One area where there’s a disconnect between application development and the physical world is health and safety. People are unpredictable, making it hard to design applications that can help identify potential dangers on the shop floor or around machinery. One option is to use computer vision–based machine learning to build models of normal behavior that allow anomalies to be quickly identified. A camera monitoring a set of gas pumps can be trained to identify someone smoking; a camera by a hydraulic press can be trained to monitor when an operator or passerby steps out of the safe space.

Introducing Azure Percept

The question is how to build and deploy a safety-oriented machine learning system quickly? That’s where Microsoft’s Azure Percept platform comes in, a focused version of its Azure Internet of Things edge platform combined with a set of hardware specifications and a cloud-hosted, low-code application development environment with a containerized deployment model. It offers an industry-standard mounting-based developer kit so you can build and test applications before deploying them to onsite systems. It uses the familiar 80/20 mounting rails used for much industrial electronic equipment so it will be compatible with existing mounts and power distribution systems, keeping costs to a minimum.

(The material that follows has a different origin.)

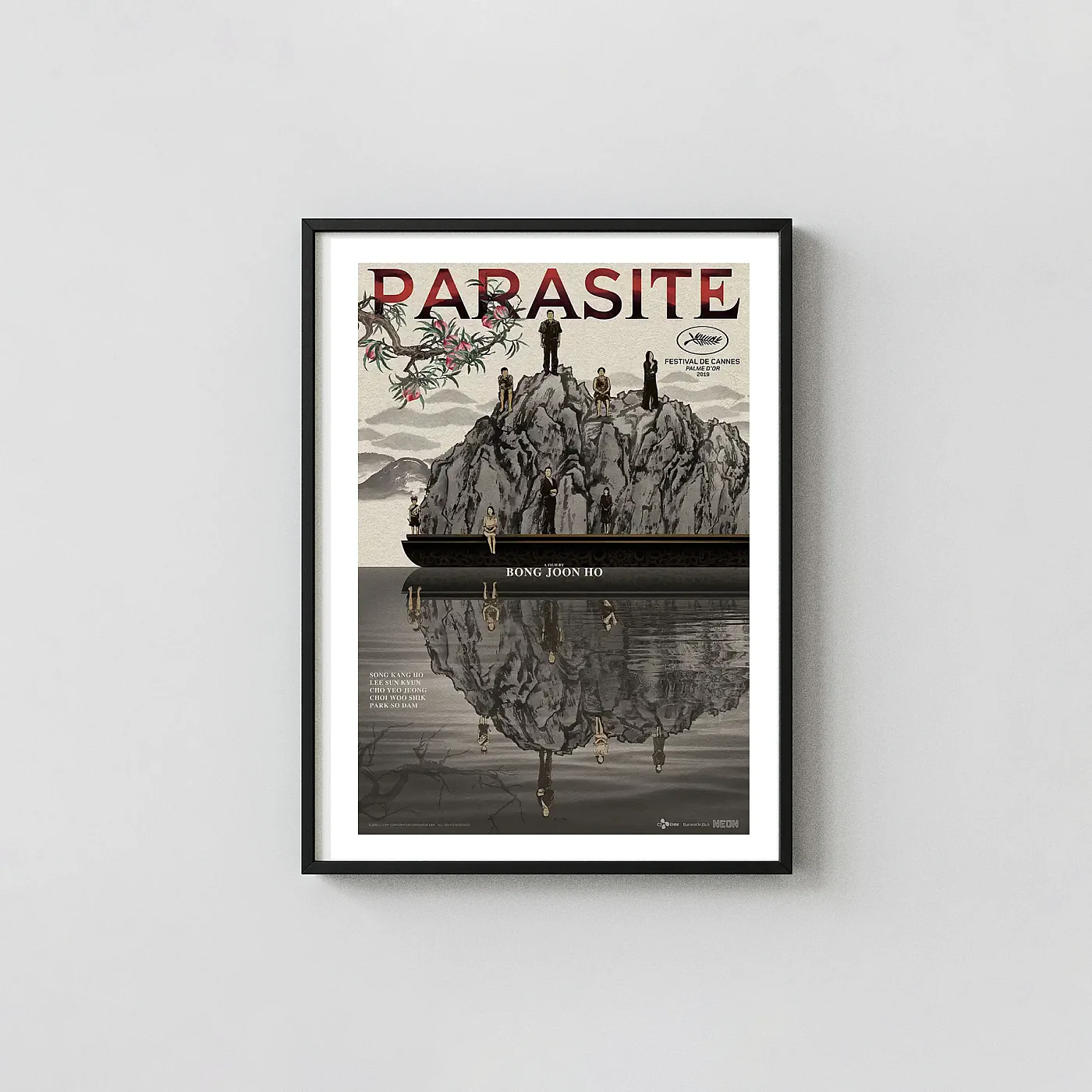 Capture the cinematic brilliance and profound social commentary of Bong Joon Ho’s Oscar-winning masterpiece with this stunning Parasite movie poster. This unique artwork goes beyond a standard promotional image, utilizing a powerful, dualistic composition reminiscent of traditional Asian ink painting (Sumi-e). It strikingly illustrates the social hierarchy theme—the Kim and Park families are precariously positioned on a rocky island, reflecting their inverted reality below the waterline. The inclusion of the Palme d’Or award subtly reminds viewers of the film’s monumental critical success, making this piece essential wall art for serious cinephiles.

Microsoft has done a lot to make its Azure Cognitive Services portable, delivering containerized runtimes that let you use edge hardware for inferencing instead of sending data to centralized Azure resources. This approach helps save on bandwidth costs, allowing you to deliver a much smaller set of results to your applications rather than sending gigabytes of streamed images. Edge sites are often bandwidth constrained, so using this approach allows you to run machine learning–based applications where they’re needed, not where there’s available bandwidth.

A programmable smart device for beginners

Getting started requires the relatively low-cost Azure Percept DK, currently selling for $349. It comes in two parts: an edge compute unit and a smart camera. A third component, a smart microphone, is available for audio-based prediction applications, such as monitoring motors for signs of possible failure. The edge compute system is based on an NXP Arm system, running Microsoft’s own CBL-Mariner Linux distribution, and the camera uses an Intel Movidius dedicated computer vision system. Both are designed to get you going quickly. Microsoft suggests you can go from “out-of-the-box to first AI frames in under 10 minutes.”

Applications are developed in the cloud-based Azure Percept Studio, with a selection of prebuilt models. If you’re familiar with Microsoft’s Cognitive Services tools, you can also use the Azure Machine Learning studio or a local development environment using Visual Studio Code. The local toolkit is based on Python and TensorFlow, with Intel’s OpenVINO to support the Movidius vision processor. Other deployment environments, such as Nvidia’s, are supported so you build your own cameras using Jetson or work with third-party vendors to add their hardware to a Percept deployment. Tools can be downloaded as a single dev pack, building out a ready-to-use environment on Windows, macOS, or Linux.